Yesterday was Wednesday, so it’s free bus day here in Ottawa.  We decided to have a “staycation” and act as tourists in our new city.  Hubby and I left home in the morning to make the most of the day.  We visited the Rideau Centre and I had a Tim Horton’s steeped tea which was delicious.  Then we walked across the street to Chapters book store where we spent a happy hour browsing the books and magazines.

Around noon we walked up Wellington Street, past the Chateau Laurier, and got to the Parliament Buildings just as hundreds of people were starting an Outdoor Yoga Session.  Hubby thinks there were over a thousand people there and they were pouring out of office buildings carrying their yoga mats and heading for “The Hill”.

We watched for a while and then made our way to Bank Street, where we had a delicious lunch at The Royal Oak pub.  When we left there we decided to try to walk as far as we could south on Bank Street, towards Billings Bridge.  About 15 minutes later we spotted the No. 1 bus coming and we decided to take it.
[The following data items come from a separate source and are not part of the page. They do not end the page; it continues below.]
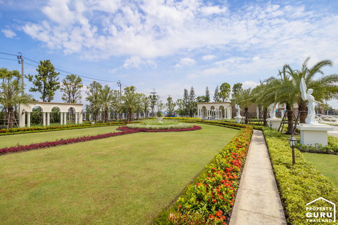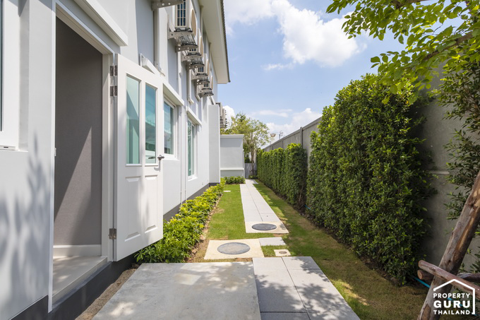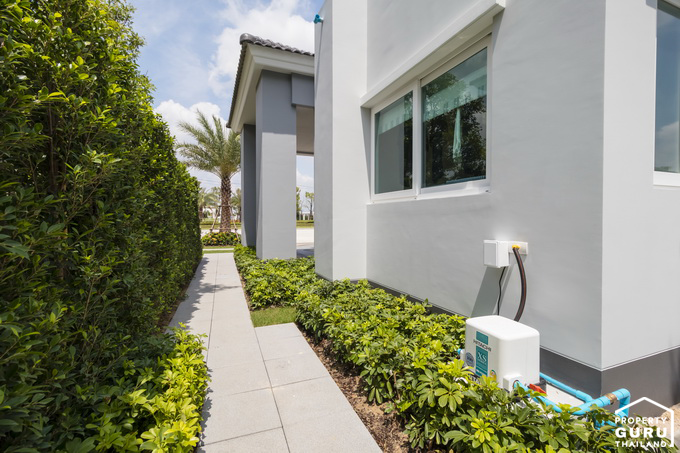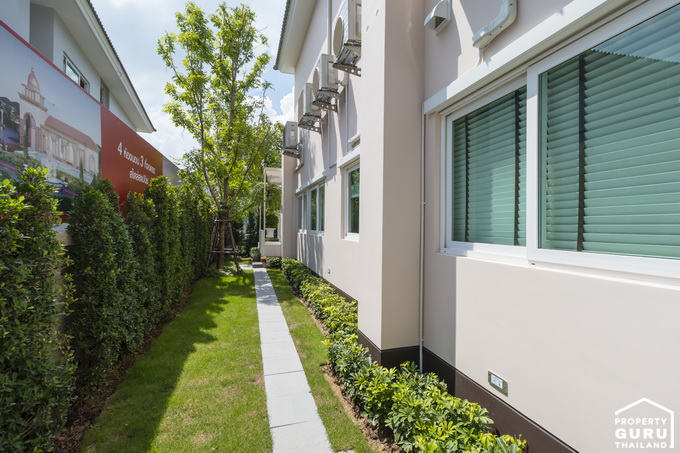 บ้านทุกหลังจะมีพื้นที่ด้านข้างๆ บ้านมากน้อยไม่เท่ากัน แล้วแต่พื้นที่จัดสรร ทางโครงการจัดสวนปูหญ้ามาให้ ลงไม้ใหญ่ให้เฉพาะหลังมุม อาจจะไม่ได้รูปแบบสวนตามบ้านตัวอย่าง ซึ่งจะแล้วแต่การดีไซน์ของทางโครงการ
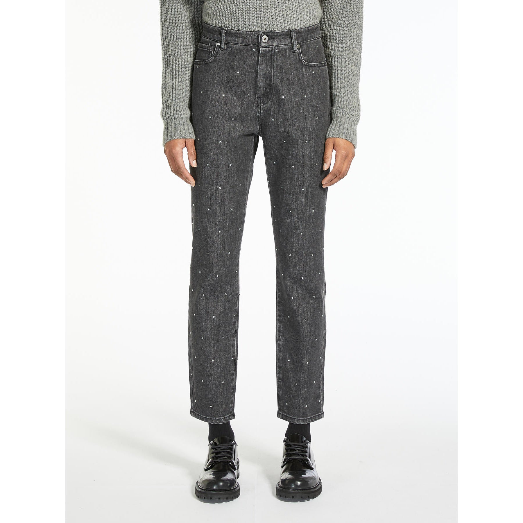 5-pocket-style trousers in stretch cotton denim fabric featuring a yoke and patch rear pockets. The metal rivets, in addition to the rhinestone appliqué details on the front and back, accentuate the garment's texture. Zip and button fastening.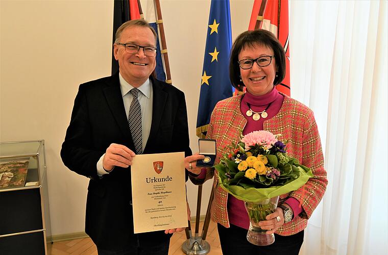 Es war ein außergewöhnliches Dienstjubiläum, zu dem Oberbürgermeister Andreas Starke gratulierte: Oberverwaltungsrätin Brigitte Riegelbauer ist seit vier Jahrzehnten im Dienst, wie die Stadt Bamberg erklärt.

BIG MISTAKE! And here is where the “scare” comes in. First of all, a man started talking to me before we got on the bus.  I’ll call him Creep #1.

Creep #2 and #3 were already on the crowded bus.  There were two seats side by side and I sat in one of them.  The man on my right was very fat so Hubby decided to stand.  Fat guy starts picking at some sores on his arm so I turned the other way.  Creep #2 who was on my left then shouts at the top of his voice, “The Hell’s Angels are my friends”.  Creep #3 yells at him from across the bus, “You don’t know the Hell’s Angels”.

The guy who was yelling then shouts, “I’m one of the Hell’s Angels.”  Creep #2 yells back at him, egging him on.  Other passengers on the bus were shouting to the driver to kick them off the bus.  It was really frightening.

The situation  was escalating so the driver stopped the bus and came back to tell the guy to stop shouting.  He stopped until the bus got going and then shouts the same thing again. Then Creep #2 starts saying, to Creep #1 who knew him (no surprise), “I hate that guy. I’d like to beat him up. He reminds me of Paco. I beat him up and did nine months for it”.  The first guy says, “I hate Paco too.  |He tried to set me up for a robbery.”

The shouter keeps shouting and then slips his hand in his pocket and pulls something out that he hid in his hand.  Hubby and I got out at the next stop and started walking to our destination.  But it didn’t stop there.

After a couple of blocks, there was the bus, stopped with the flashers on.  Beside it was another No. 1 bus also with its flashers on. All of the passengers were getting on to the second bus.

The shouter was standing on the corner about 30 ft. in front of us.  Suddenly a special constable pulled up in her car and shouted a couple of times to the man to get his hands out of his pocket.  “Where’s the knife?”, she shouts.  “Where’s the knife?”

I was terrified.  We passed by them then and kept walking.  At the next corner the second bus pulled up.  The doors were opened to let passengers on and I heard the bus driver call to the people on the bus, “Anyone who saw what happened, give me your names and phone numbers.”

We walked about three miles in the heat and humidity but didn’t get on another No. 1 bus.  The No. 98 was a serene experience by comparison.

I was shaking for about half an hour!